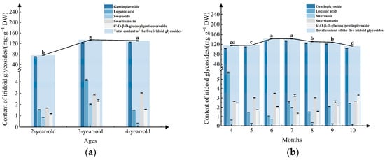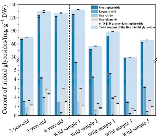 Gentiana species are widely used in traditional and modern medicine, and Gentiana siphonantha is an important medicinal representative. To evaluate the quality characteristics of cultivated G. siphonantha roots, the accumulation patterns of iridoid glycosides and antioxidant activities across different cultivation ages and harvest
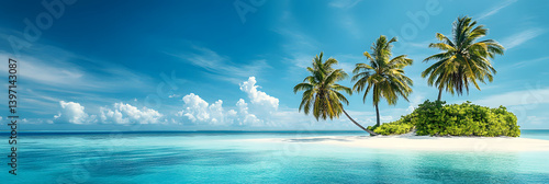 pristine tropical island paradise - adorned with swaying palm trees and surrounded by the clear blue sea wide banner -
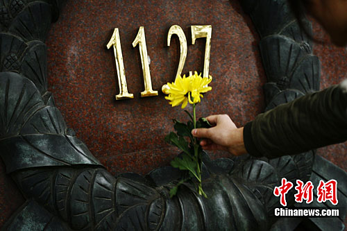 一位重庆市民将菊花献给“11·27”殉难烈士。
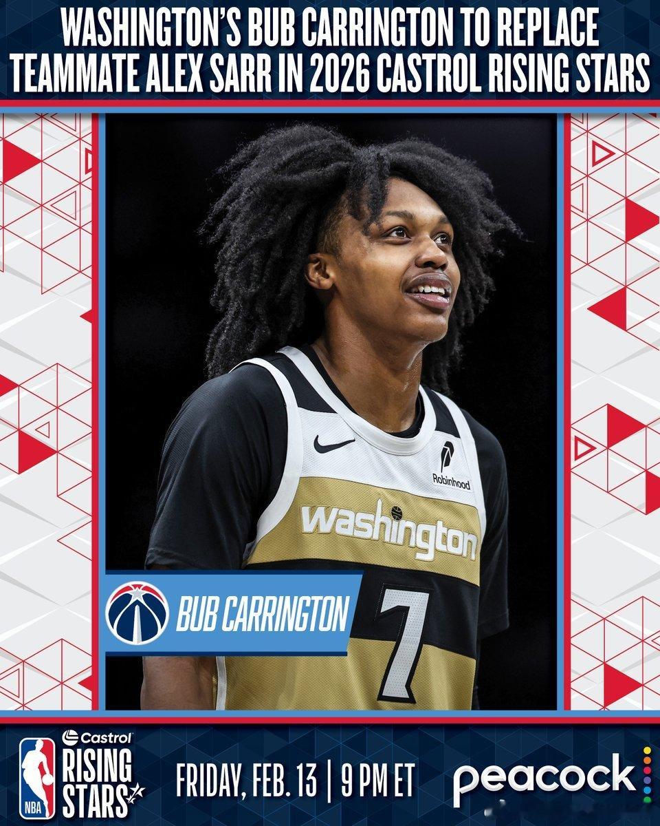 新秀挑战赛递补名单:贝利顶替弗拉格,卡灵顿顶替萨尔。2026nba全明星
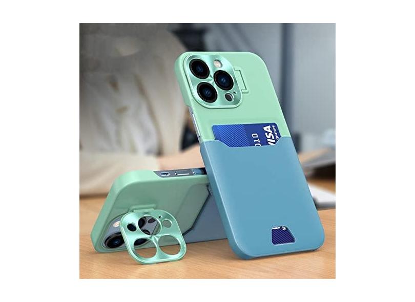 Capa de telefone de suporte de cartão de couro de luxo com suporte invisível para iPhone 14 13 12 Pro Max Mini Capa protetora de lente de metal, verde menta, azul lago, para iPhone 12 Mini
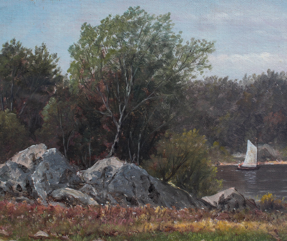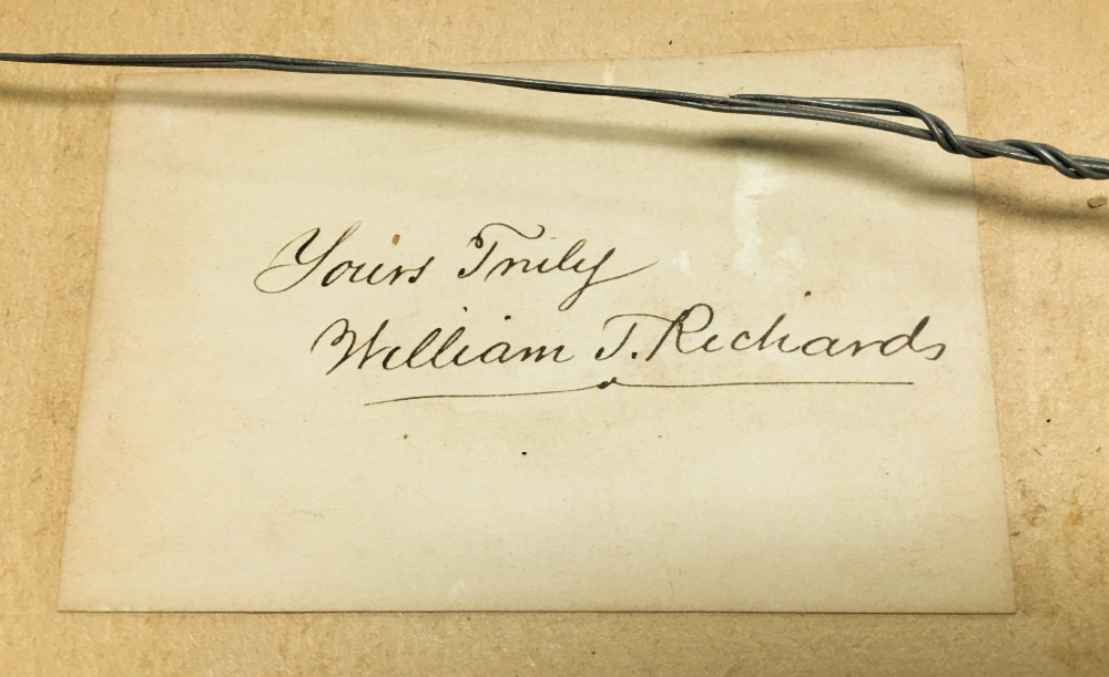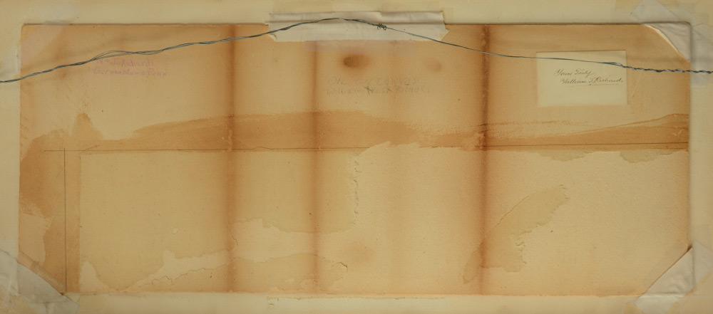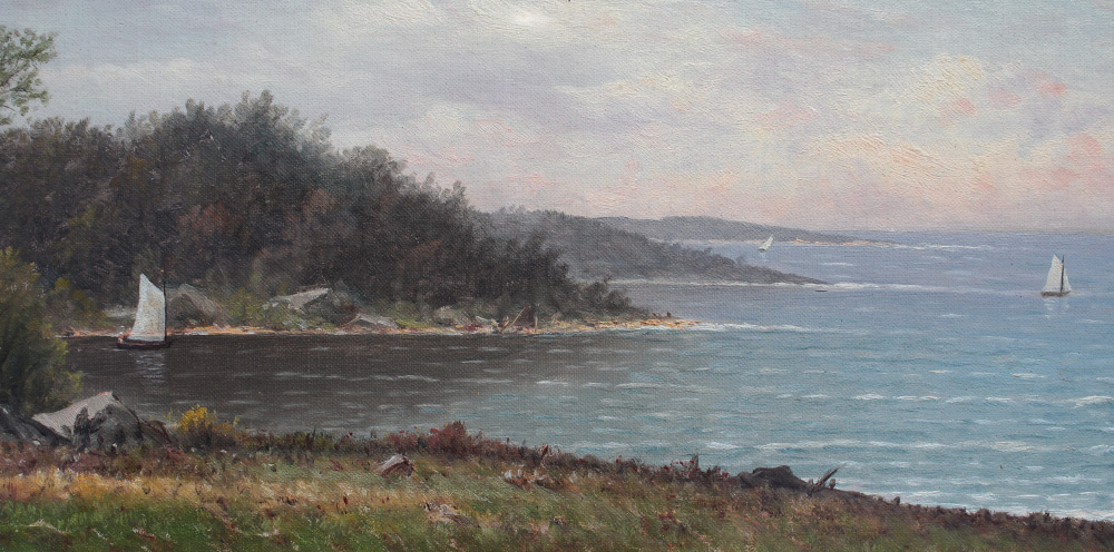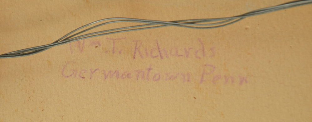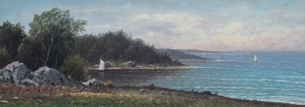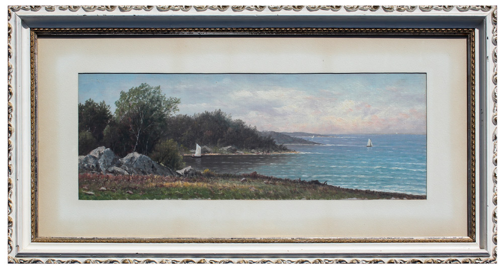 AMERICAN SCHOOL COASTAL PAINTING: Coastal Inlet Scene, Oil/Canvas Laid Down on Board, sight size 8.5'' x 23.5'', bears a business card size label verso that reads ''Best wishes Wm. T. Richards'', painted frame 17.25'' x 33''.

:::

**WORK INSTRUCTIONS:** Put each line of the listing above into the copy exactly, dropping the pictures.

**ANSWER BELOW:**
 Gentiana species are widely used in traditional and modern medicine, and Gentiana siphonantha is an important medicinal representative. To evaluate the quality characteristics of cultivated G. siphonantha roots, the accumulation patterns of iridoid glycosides and antioxidant activities across different cultivation ages and harvest
 pristine tropical island paradise - adorned with swaying palm trees and surrounded by the clear blue sea wide banner -
 一位重庆市民将菊花献给“11·27”殉难烈士。
 新秀挑战赛递补名单:贝利顶替弗拉格,卡灵顿顶替萨尔。2026nba全明星
 Capa de telefone de suporte de cartão de couro de luxo com suporte invisível para iPhone 14 13 12 Pro Max Mini Capa protetora de lente de metal, verde menta, azul lago, para iPhone 12 Mini
 AMERICAN SCHOOL COASTAL PAINTING: Coastal Inlet Scene, Oil/Canvas Laid Down on Board, sight size 8.5'' x 23.5'', bears a business card size label verso that reads ''Best wishes Wm. T. Richards'', painted frame 17.25'' x 33''.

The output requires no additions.